A study of animal action segmentation algorithms across supervised, unsupervised, and semi-supervised learning paradigms
- URL: http://arxiv.org/abs/2407.16727v1
- Date: Tue, 23 Jul 2024 14:22:16 GMT
- Title: A study of animal action segmentation algorithms across supervised, unsupervised, and semi-supervised learning paradigms
- Authors: Ari Blau, Evan S Schaffer, Neeli Mishra, Nathaniel J Miska, The International Brain Laboratory, Liam Paninski, Matthew R Whiteway,
- Abstract summary: We introduce a semi-supervised action segmentation model that bridges the gap between supervised deep neural networks and unsupervised graphical models.

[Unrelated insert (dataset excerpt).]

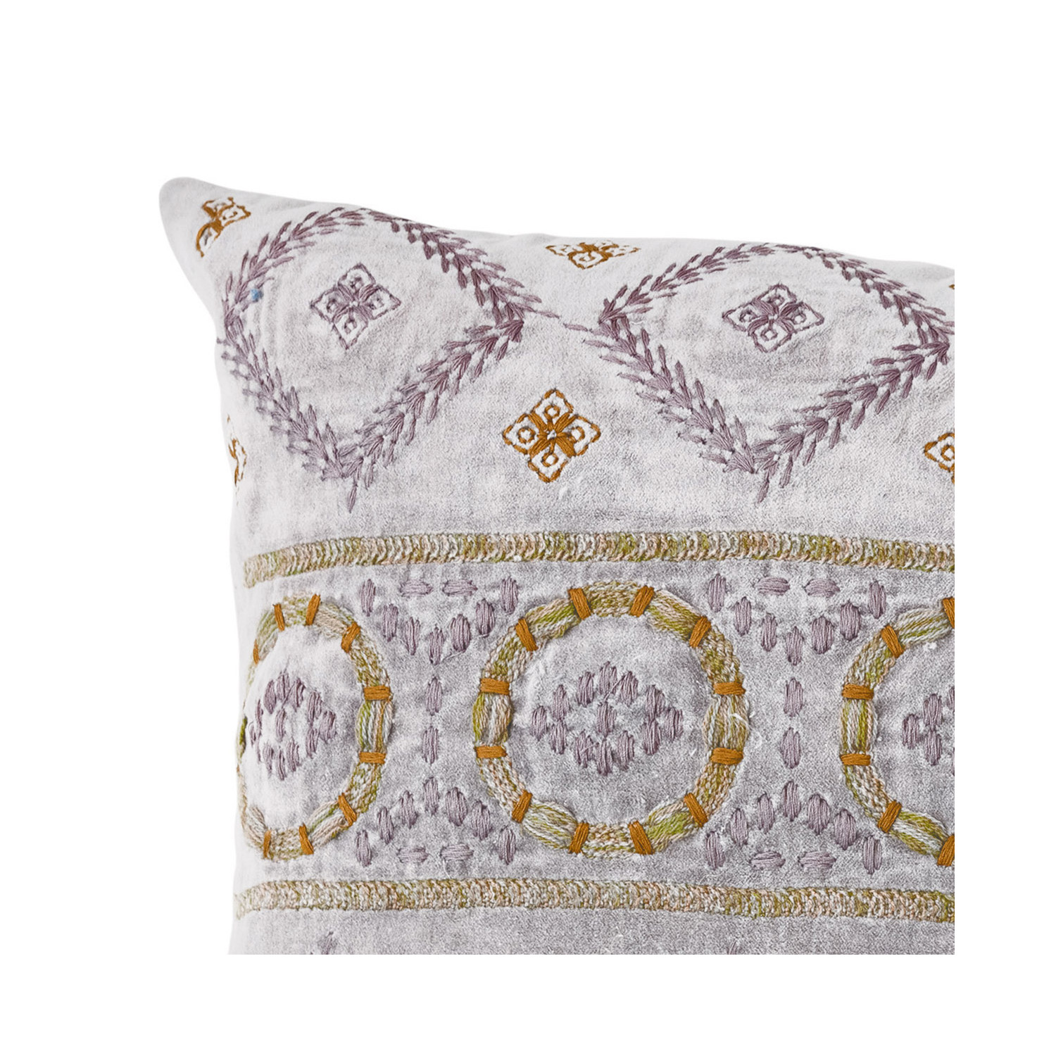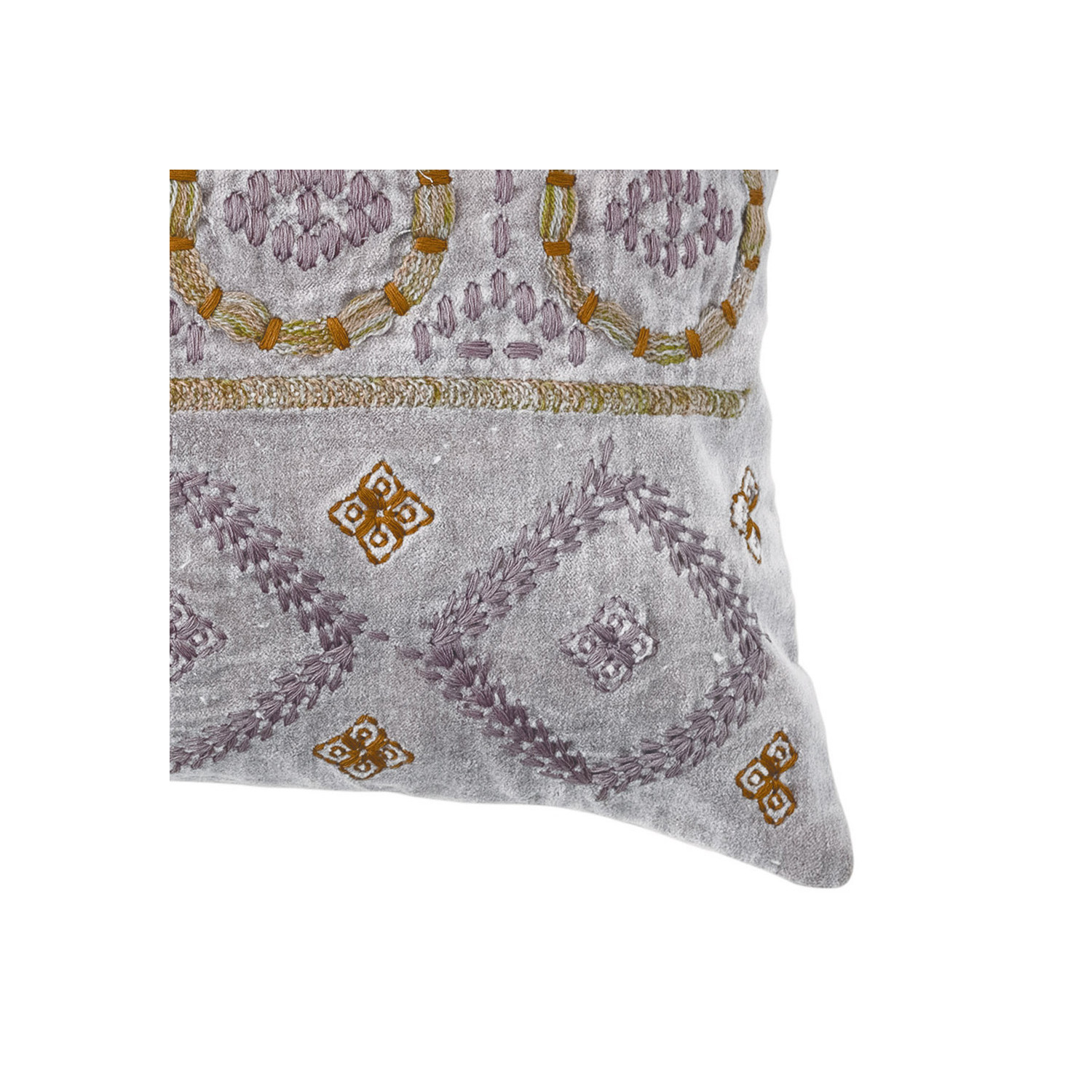 This global inspired lumbar pillow features supple cotton velvet finished with intricately embroidered geometric patterns. Display in a bedroom or living space of any style from Scandinavian to global. Machine Wash Warm Gentle Cycle, Do Not Bleach, Tumble Dry Low, Warm Iron If Needed or Hand Wash. Made from cotton.

We find that fully supervised temporal convolutional networks with the addition of temporal information perform the best on our supervised metrics across all datasets.
- Score: 3.597220870252727
- License: http://creativecommons.org/licenses/by/4.0/
- Abstract: Action segmentation of behavioral videos is the process of labeling each frame as belonging to one or more discrete classes, and is a crucial component of many studies that investigate animal behavior. A wide range of algorithms exist to automatically parse discrete animal behavior, encompassing supervised, unsupervised, and semi-supervised learning paradigms. These algorithms -- which include tree-based models, deep neural networks, and graphical models -- differ widely in their structure and assumptions on the data. Using four datasets spanning multiple species -- fly, mouse, and human -- we systematically study how the outputs of these various algorithms align with manually annotated behaviors of interest. Along the way, we introduce a semi-supervised action segmentation model that bridges the gap between supervised deep neural networks and unsupervised graphical models. We find that fully supervised temporal convolutional networks with the addition of temporal information in the observations perform the best on our supervised metrics across all datasets.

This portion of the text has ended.